The Inforati File Q&A: Gaurav Dhillon

From ON Magazine

By Tim Devaney and Tom Stein

Gaurav Dhillon
Illustration by Chris Campisi

When did you first understand the power of information?

The moment that changed my life happened in 1982 when Scientific American devoted a seminal issue to software. Alan Kay wrote that to be successful in the future, people would need to be able to operate computers as easily and skillfully as they drive a car. At the time, the only people who knew anything about computers were glow-in-the-dark guys like me, who were studying engineering. Looking back now, it's amazing how accurate his prediction was.

What led you to start Jaman?

Somewhere in my travels I realized there is an amazing amount of quality content independent films and documentaries being produced everywhere, yet less than one percent of films get traditional distribution. At first, I had some righteous indignation about it, thinking, "How can this be? How come nobody's done anything about it?" And then I thought, "Maybe I should do something."

So I decided to create a business that provides an alternative distribution channel. Jaman's focus is to serve this under-served area: providing high-definition quality, making it work on Macs and PCs and set-top boxes.
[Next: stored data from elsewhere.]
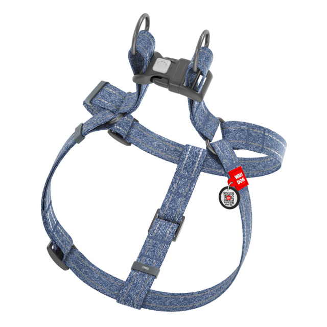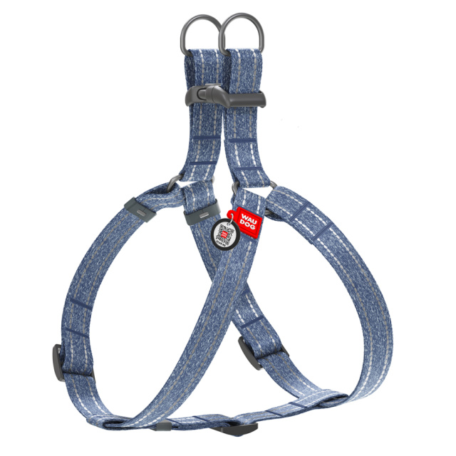 Шлея з відновленої бавовни WAUDOG Re-cotton з QR паспортом, світловідбиваюча, пластиковий фастекс, L, Ш 25 мм, Д 60-85 см синій, Одеса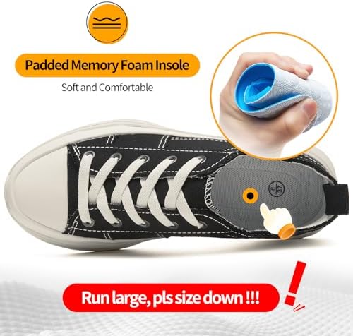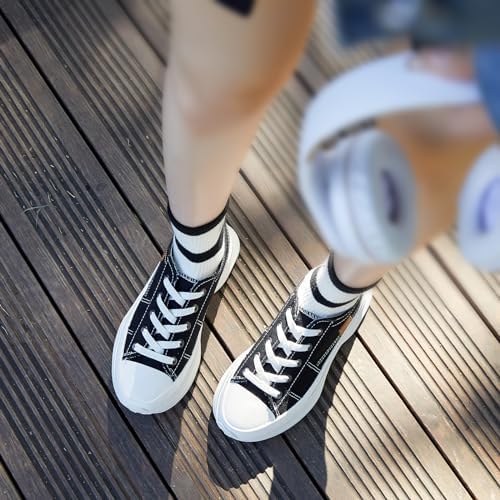 ZGR Women's Low cut Thick soled Sneakers, White Canvas Sneakers, Casual Thick soled Tennis Shoes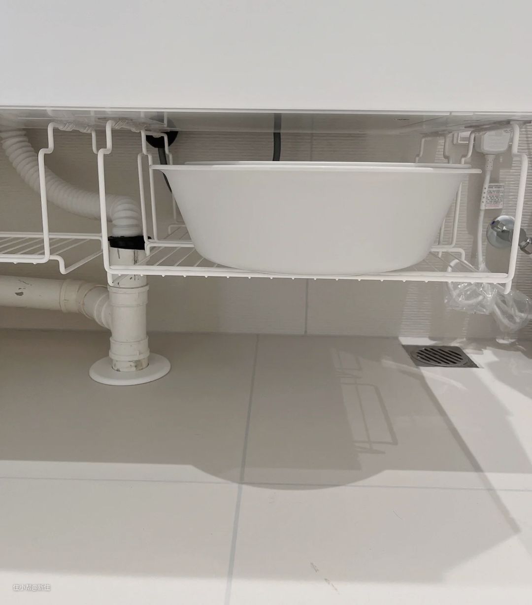 如果做地排,底部就会漏出来排水管,比较不美观。用了这个脸盆收纳方案,刚好,还能起到遮丑的作用。

With that foundation, we believe we'll be able to add on more and more content.

What role do independent and foreign films play in our culture?
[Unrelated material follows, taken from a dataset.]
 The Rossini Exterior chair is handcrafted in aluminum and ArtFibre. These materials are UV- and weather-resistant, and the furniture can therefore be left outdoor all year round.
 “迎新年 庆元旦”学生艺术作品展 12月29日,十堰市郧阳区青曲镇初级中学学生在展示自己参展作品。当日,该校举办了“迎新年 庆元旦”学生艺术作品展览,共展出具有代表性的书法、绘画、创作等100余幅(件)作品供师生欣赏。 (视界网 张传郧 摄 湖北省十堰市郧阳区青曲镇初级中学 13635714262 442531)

Companies that came out of that generation were post-mainframe companies but pre-Internet companies. The Internet didn't exist, and the way information flowed was very much in rows and columns; a database is nothing more than the biggest spreadsheet you ever saw. Today, information takes on many more forms; it's richer, and it no longer lines up in orderly rows and columns.

With the web being this connector that hooks anything to anything, we're now trying to understand the implications of interconnectedness. I think that will be the next quantum leap. If you look at Alan Kay's statement in 1982 about computer skills being necessary in the future, having social information and connectedness skills in the future will be as important as computer skills are today.
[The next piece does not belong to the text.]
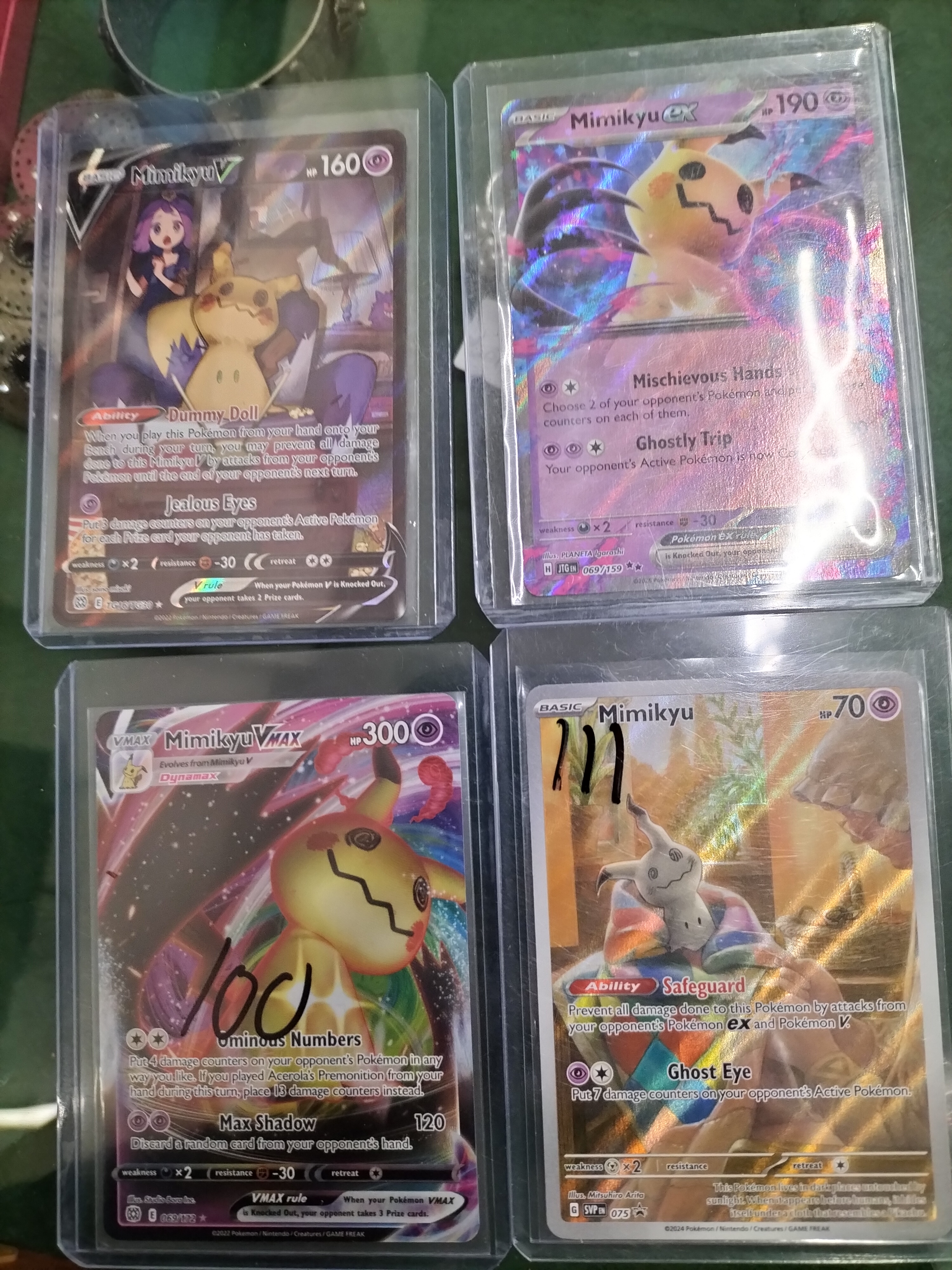 A collection of multi-coloured Mimikyu Pokémon trading cards including Mimikyu V, Mimikyu ex, Mimikyu VMAX, and Mimikyu, some featuring handwritten markings.

What tools do you use to manage your personal data?

Actually, I'm trying to unhook myself from BlackBerry. It was getting to be a problem. It was always with me. I wasn't thinking enough about the big picture because I was always in interrupt mode. So I unplugged it in the middle of last year. Any withdrawal symptoms have been outweighed by the positive reinforcement in my personal life. When I'm home, I'm a better father because I'm focused on my kid. And at Jaman we have developed interrupt protocols-based on the immediacy of communication-that make everyone more productive.

Do you ever feel overwhelmed by too much information?

In the early days of business intelligence, we had this joke about "endless adventures in drilling." You can keep drilling into the data. But if you think about the hierarchy of information, knowledge, and wisdom, experience teaches you not to seek information but knowledge. So the question is how do you "go meta"? And how do you follow the Einsteinian notion of rising above the observation level to get insight into what's causing something to happen?

When I'm swimming in a sea of information, I look for a rock to climb up on so I can look out and see "What's the pattern? Which way are the waves going? Is a storm coming?" That kind of insight and knowledge is an antidote to too much information.